**Assigned task:** Restate the data below word for word. Leave the images out.

**Collected material:**
BEGIN

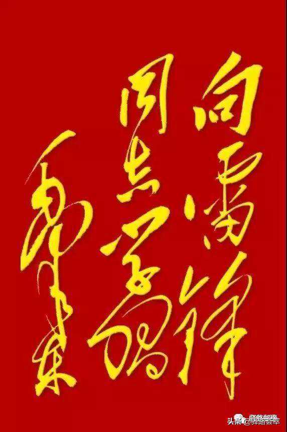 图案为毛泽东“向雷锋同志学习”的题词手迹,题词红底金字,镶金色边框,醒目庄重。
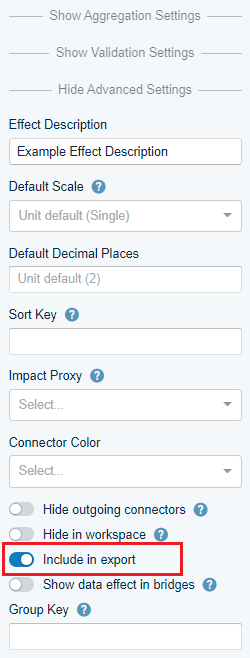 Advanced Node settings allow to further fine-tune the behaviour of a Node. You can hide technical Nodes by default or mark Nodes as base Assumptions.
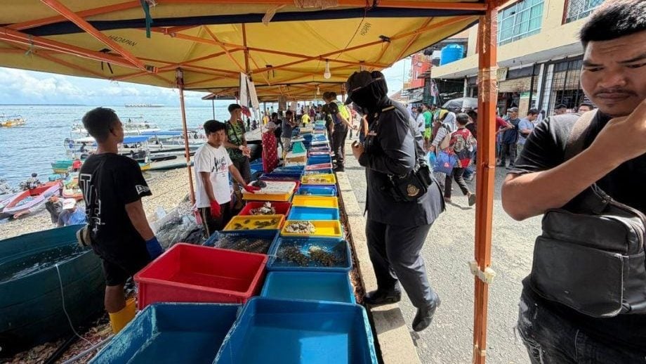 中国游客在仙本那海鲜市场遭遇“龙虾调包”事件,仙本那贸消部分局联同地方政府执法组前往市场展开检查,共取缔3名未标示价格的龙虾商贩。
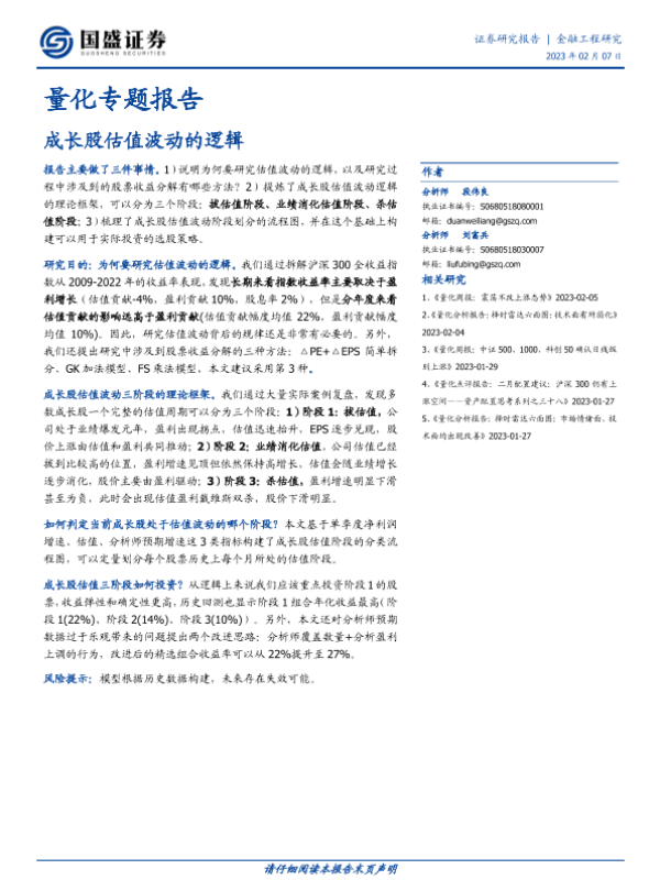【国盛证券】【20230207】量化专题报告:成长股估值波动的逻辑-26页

END

**Solution for this exercise:**
 图案为毛泽东“向雷锋同志学习”的题词手迹,题词红底金字,镶金色边框,醒目庄重。
 Advanced Node settings allow to further fine-tune the behaviour of a Node. You can hide technical Nodes by default or mark Nodes as base Assumptions.
 中国游客在仙本那海鲜市场遭遇“龙虾调包”事件,仙本那贸消部分局联同地方政府执法组前往市场展开检查,共取缔3名未标示价格的龙虾商贩。
【国盛证券】【20230207】量化专题报告:成长股估值波动的逻辑-26页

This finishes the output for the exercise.